- Assignment
Because the pictures are not wanted, reproduce the rest of the records below exactly as they stand.

###

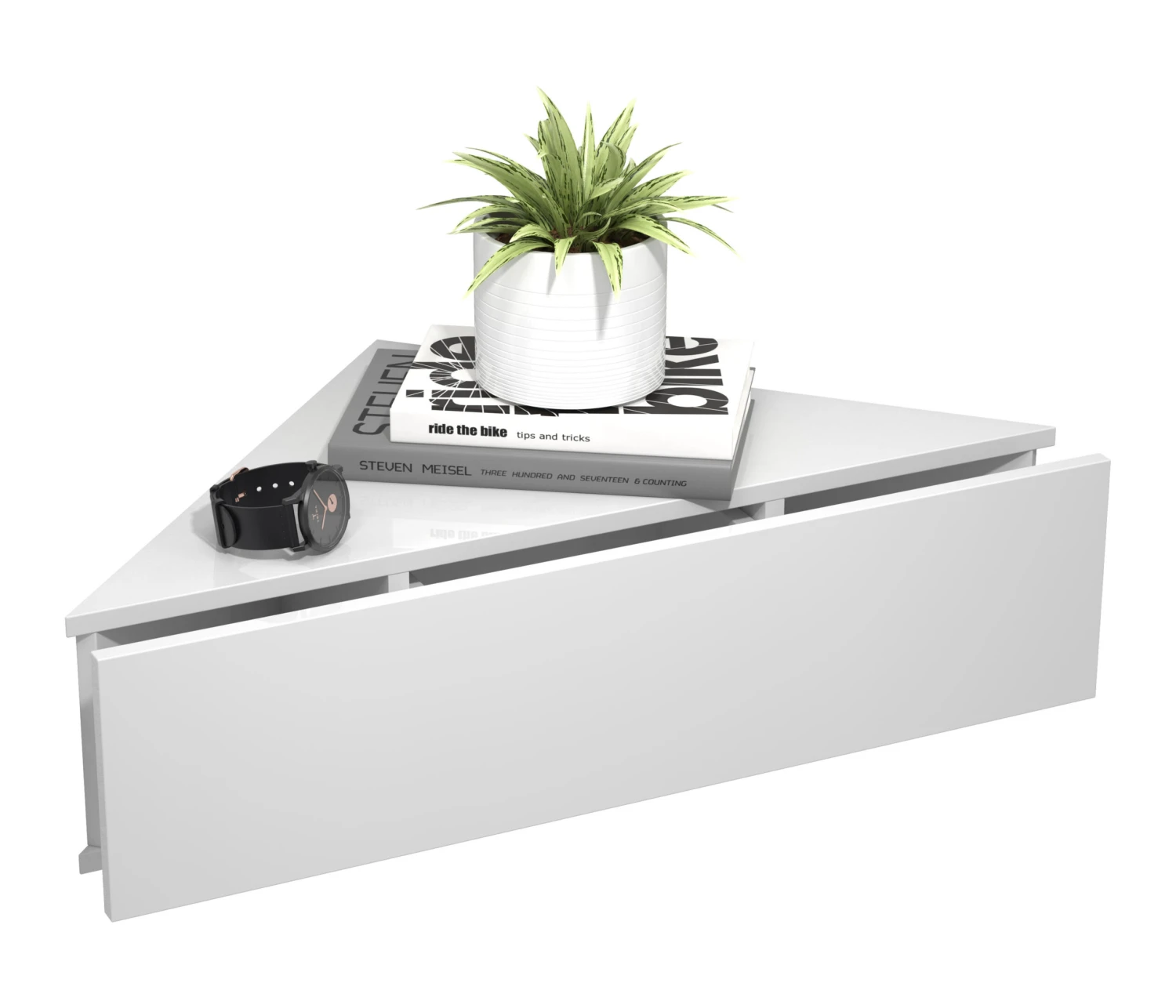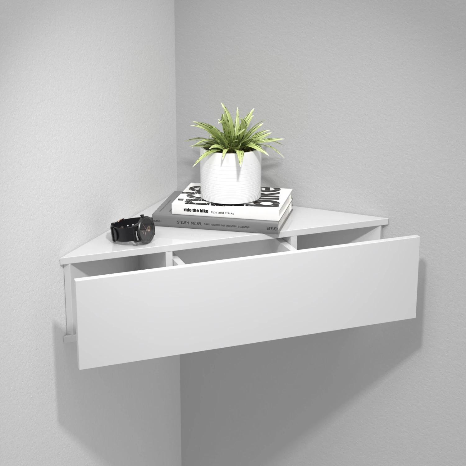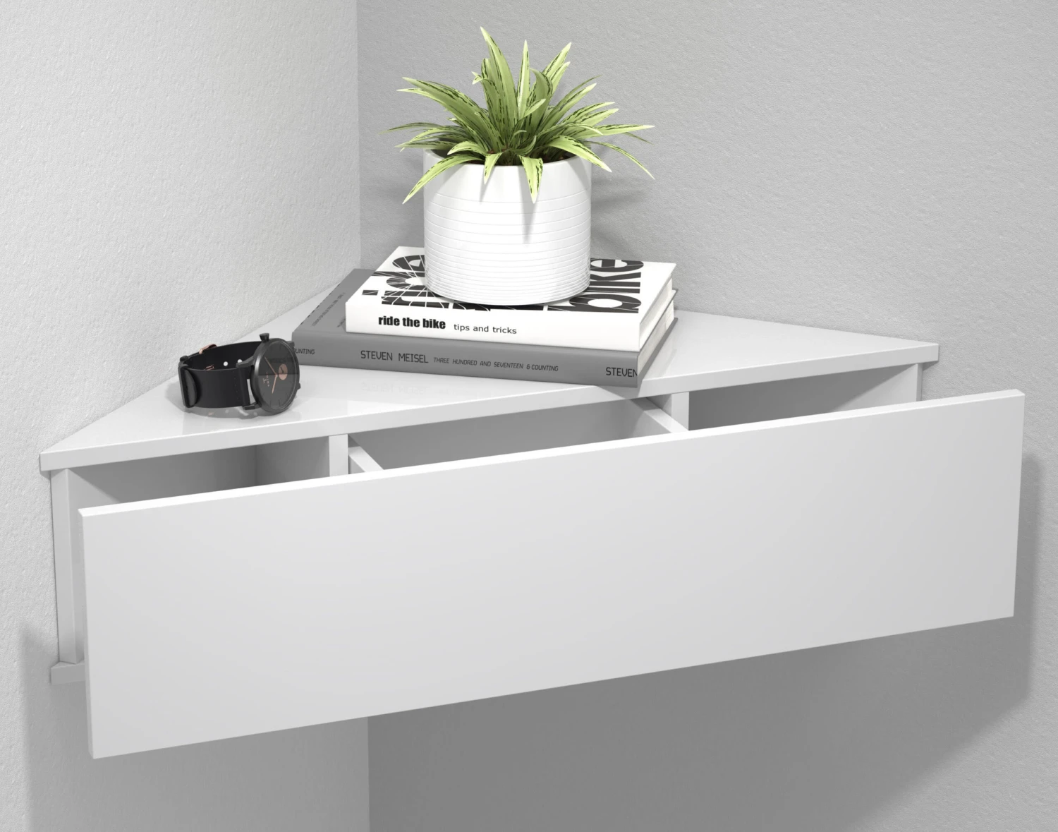– Hängendes Eckregal mit leichtgängiger Schublade
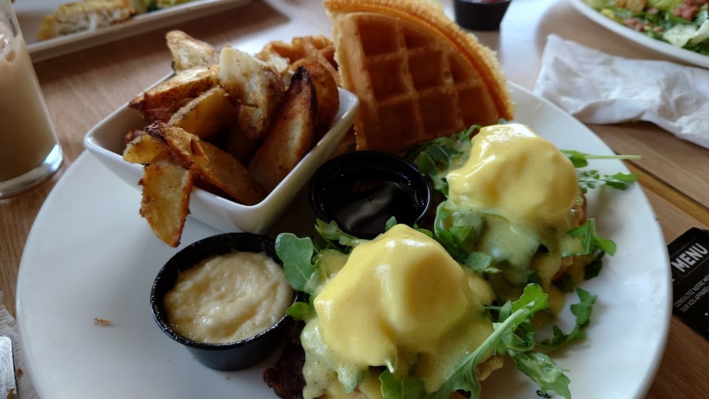 Wow. Fantastic eggs benedict breakfast with waffles. Modern decor with cosy fireplace. Great lattes with perfect rosetta.
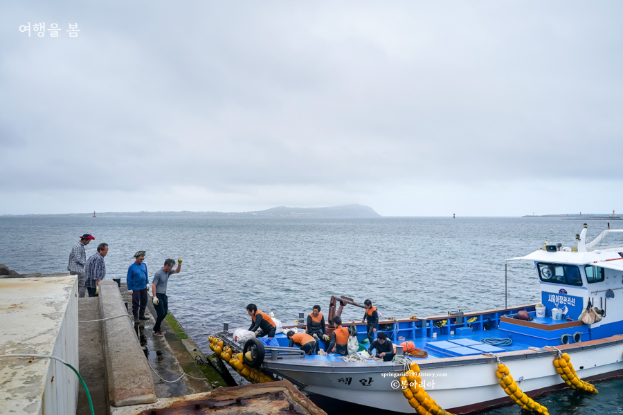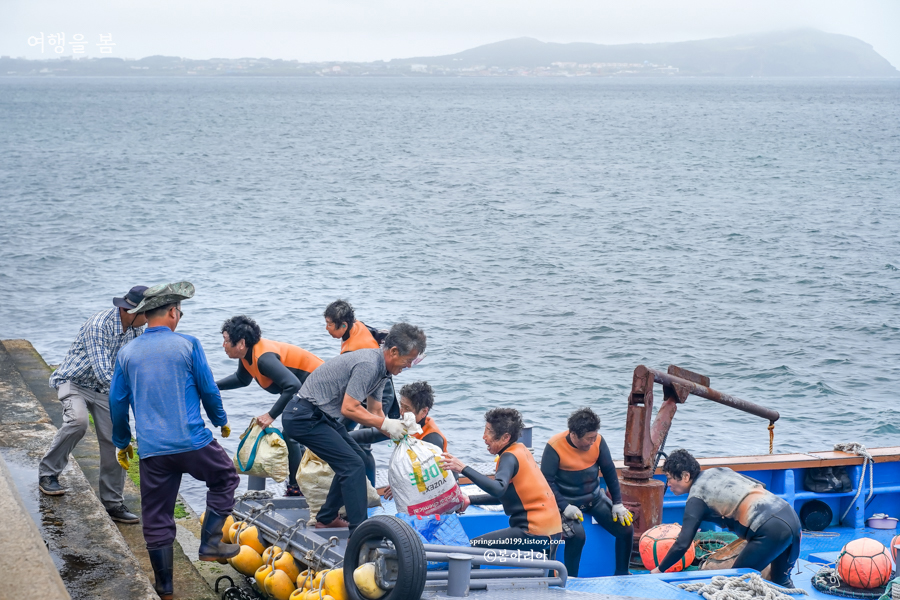목적은 제주 오분자기였다. 오분자기는 제주 특산물로 과거에는 제주도 전역에서 많이 잡혔지만 현재는 성산일출봉과 우도 사이에서 주로 잡힌다고 그런다. 제주 서쪽은 양식장이 많아 오염이 심해졌고, 동쪽은 그나마 양식장이 적어 이 일대에서 해녀들의 물질로 제주 오분자기를 볼 수 있다고. 아, 물론 제주도 다른 지역에서도 나오지만 그 양이 아주아주 적다고 그런다.
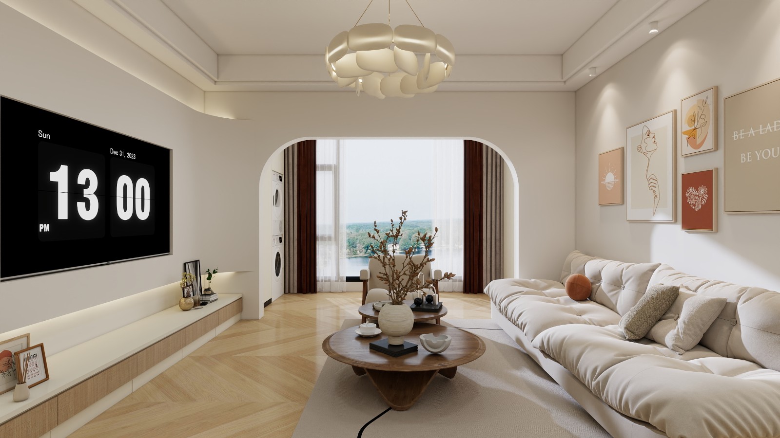 整个客厅空间以奶白色和原木色为主,墙面以极简为主,甜而不腻,为空间增添了平静安稳的氛围。
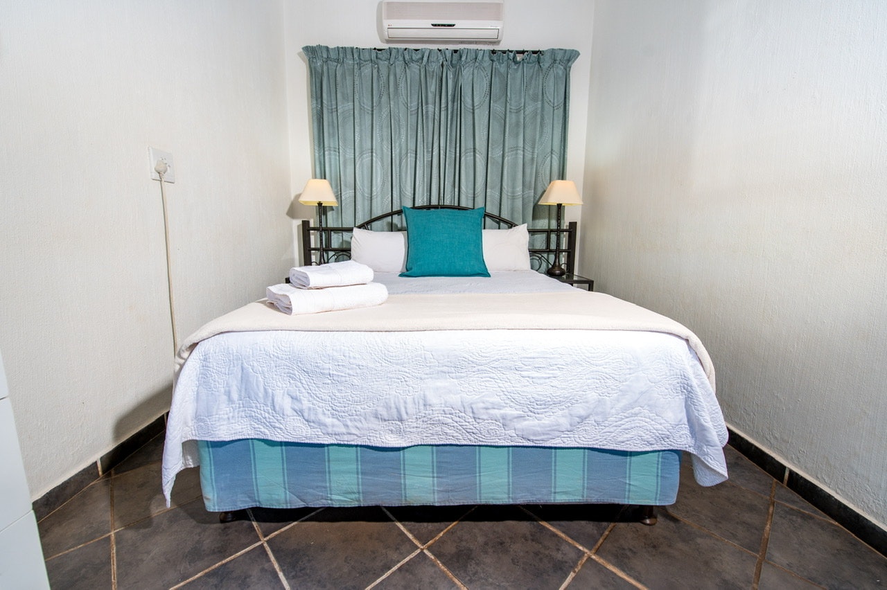 The Double En-suite rooms are furnished with double beds and en-suite bathrooms fitted with a shower, toilet and sink. There is also air conditioning, a fan, a TV with limited DStv channels, WiFi, a fridge-freezer, microwave oven, coffee and tea making facilities, crockery and cutlery.
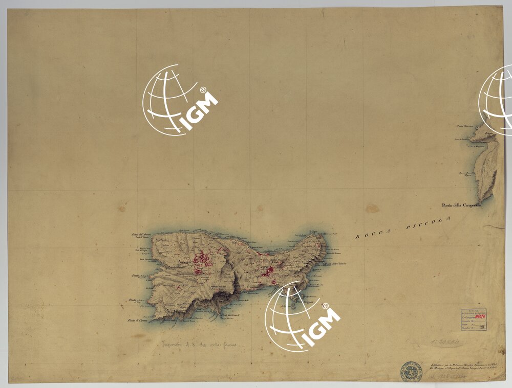 Disegno originale del rilievo eseguito da D. Francesco Morghen e D. Antonio Valmagini Topografi del R.le Officio Topografico di Napoli negli anni 1836-1840. Lavoro notevole per la nitida esecuzione del disegno: il rlievo orografico è rappresentato mediante fine ed artistico tratteggio: gli abitati sono in rosso: le acque in azzurro.
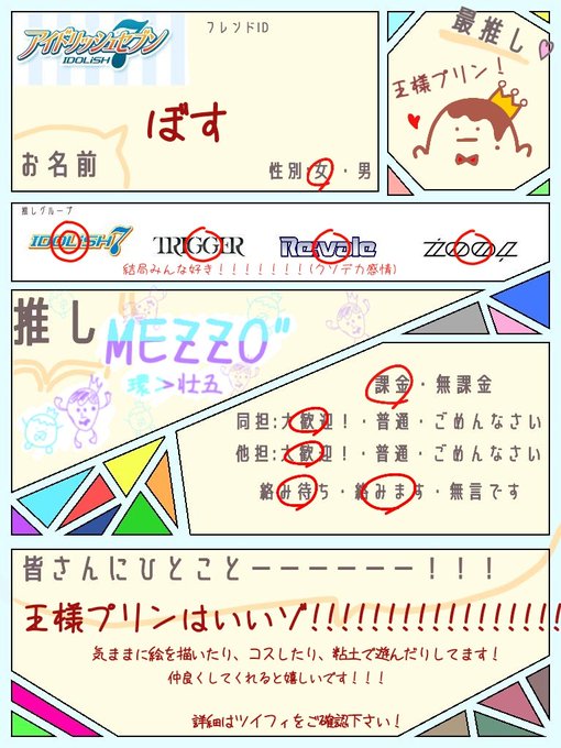 素敵なテンプレお借りしました…✨ 基本箱推し、めっぞとフラウェ組が特に好きです! 普段はまったり絵を描いたりして楽しんでます😌色んな方と仲良くなりたいです〜! #アイナナ好きさんと繋がりたい #アイナナ好きな人と繋がりたい #アイナナ絵描きさんと繋がりたい

###

- Exercise output
– Hängendes Eckregal mit leichtgängiger Schublade
 Wow. Fantastic eggs benedict breakfast with waffles. Modern decor with cosy fireplace. Great lattes with perfect rosetta.
목적은 제주 오분자기였다. 오분자기는 제주 특산물로 과거에는 제주도 전역에서 많이 잡혔지만 현재는 성산일출봉과 우도 사이에서 주로 잡힌다고 그런다. 제주 서쪽은 양식장이 많아 오염이 심해졌고, 동쪽은 그나마 양식장이 적어 이 일대에서 해녀들의 물질로 제주 오분자기를 볼 수 있다고. 아, 물론 제주도 다른 지역에서도 나오지만 그 양이 아주아주 적다고 그런다.
 整个客厅空间以奶白色和原木色为主,墙面以极简为主,甜而不腻,为空间增添了平静安稳的氛围。
 The Double En-suite rooms are furnished with double beds and en-suite bathrooms fitted with a shower, toilet and sink. There is also air conditioning, a fan, a TV with limited DStv channels, WiFi, a fridge-freezer, microwave oven, coffee and tea making facilities, crockery and cutlery.
 Disegno originale del rilievo eseguito da D. Francesco Morghen e D. Antonio Valmagini Topografi del R.le Officio Topografico di Napoli negli anni 1836-1840. Lavoro notevole per la nitida esecuzione del disegno: il rlievo orografico è rappresentato mediante fine ed artistico tratteggio: gli abitati sono in rosso: le acque in azzurro.
 素敵なテンプレお借りしました…✨ 基本箱推し、めっぞとフラウェ組が特に好きです! 普段はまったり絵を描いたりして楽しんでます😌色んな方と仲良くなりたいです〜! #アイナナ好きさんと繋がりたい #アイナナ好きな人と繋がりたい #アイナナ絵描きさんと繋がりたい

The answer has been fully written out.